Data extract:
== == ==
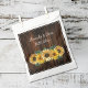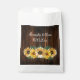Pase los favores de boda para sus invitados con un juego de Bolsa Rustica de Favor de la Boda de Girasol. El diseño de la bolsa incluye un fondo rústico de madera con un elegante ramo de girasoles. Personaliza con los nombres del novio y la novia junto con la fecha del boda. También hay material de boda adicional disponible con este diseño.
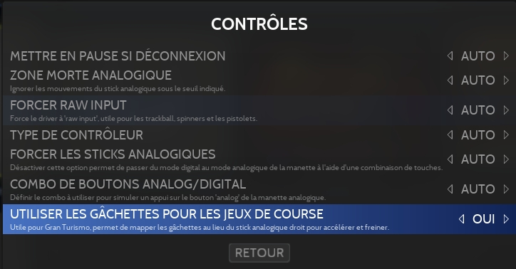 Afin de pouvoir utiliser les gâchettes analogiques pour les jeux de course, il est possible d'utiliser un schéma de contrôles alternatif en activant cette option:
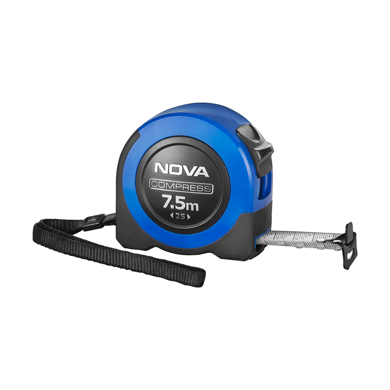 متر 7.5 متری سری Compress نووا مدل 3064 با طراحی ارگونومیک، جمعوجور و مقاوم، انتخابی مناسب برای استفاده در محیطهای خانگی و صنعتی است. بدنه این متر از ABS مقاوم با روکش لاستیکی TPR ساخته شده که در برابر ضربه مقاومت بالایی دارد و گرفتن آن را راحتتر میکند. تیغه فولادی سفید رنگ با روکش مات، چاپ دوطرفه و اعداد درشت طبق استاندارد JIS ژاپن، دوام بالا و خوانایی عالی را تضمین میکند. این متر مجهز به سیستم متریک با دقت Class II است که دقت اندازهگیری را افزایش میدهد.
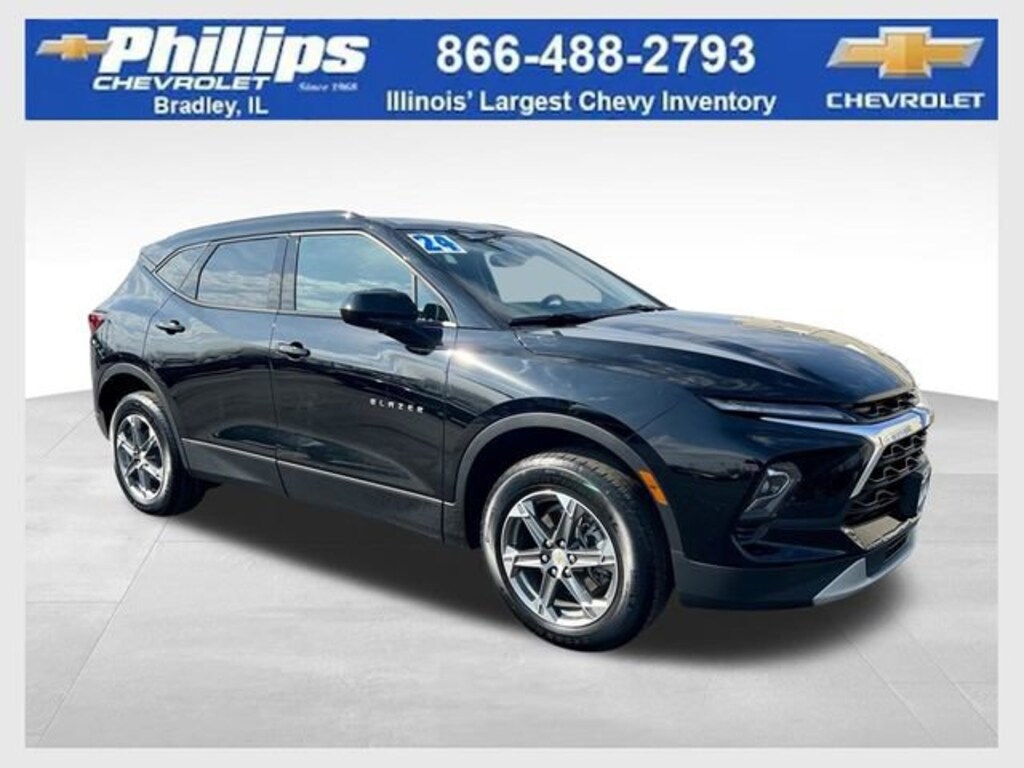Back Up Camera, Carfax Buyback Guarantee. Clean CARFAX. Certified. Black 2024 Chevrolet Blazer LT FWD 9-Speed Automatic with Overdrive 2.0L TurbochargedRecent Arrival! 22/29 City/Highway MPGGM Details:* Vehicle History* Roadside Assistance* Powertrain Limited Warranty: 72 Month/100,000 Mile (whichever comes first) from original in-service date* Warranty Deductible: $0* Transferable Warranty* 24 months/24,000 miles (whichever comes first) Certified Pre-Owned Scheduled Maintenance Plan and 3 days/150 miles (whichever comes first) Vehicle Exchange Program. SiriusXM 3-month trial subscription.* 172 Point Inspection* Limited Warranty: 12 Month/12,000 Mile (whichever comes first) from certified purchase dateWith the internet today, a great value shouldn't be hard to find. Here at Phillips Chevrolet we do the research for you. We monitor the market daily to ensure our customers are getting the best value achievable. We price all of our vehicles to make the buying process as simple and easy as possible. Our internet prices are just one factor that makes us the #1, #2, and out to be the #3 Chevrolet dealerships in Illinois. The future #3 Chevy dealership in Illinois is conveniently located at 1400 Locke Drive, the corner of I-57 & IL 50, in Bradley/Bourbonnais, IL 60914.
== == ==
Task instructions: Reproduce the data above exactly, but only from the line containing "Afin de pouvoir" through the line containing "متر 7.5 متری". Omit all pictures.

Solution to the problem:
 Afin de pouvoir utiliser les gâchettes analogiques pour les jeux de course, il est possible d'utiliser un schéma de contrôles alternatif en activant cette option:
 متر 7.5 متری سری Compress نووا مدل 3064 با طراحی ارگونومیک، جمعوجور و مقاوم، انتخابی مناسب برای استفاده در محیطهای خانگی و صنعتی است. بدنه این متر از ABS مقاوم با روکش لاستیکی TPR ساخته شده که در برابر ضربه مقاومت بالایی دارد و گرفتن آن را راحتتر میکند. تیغه فولادی سفید رنگ با روکش مات، چاپ دوطرفه و اعداد درشت طبق استاندارد JIS ژاپن، دوام بالا و خوانایی عالی را تضمین میکند. این متر مجهز به سیستم متریک با دقت Class II است که دقت اندازهگیری را افزایش میدهد.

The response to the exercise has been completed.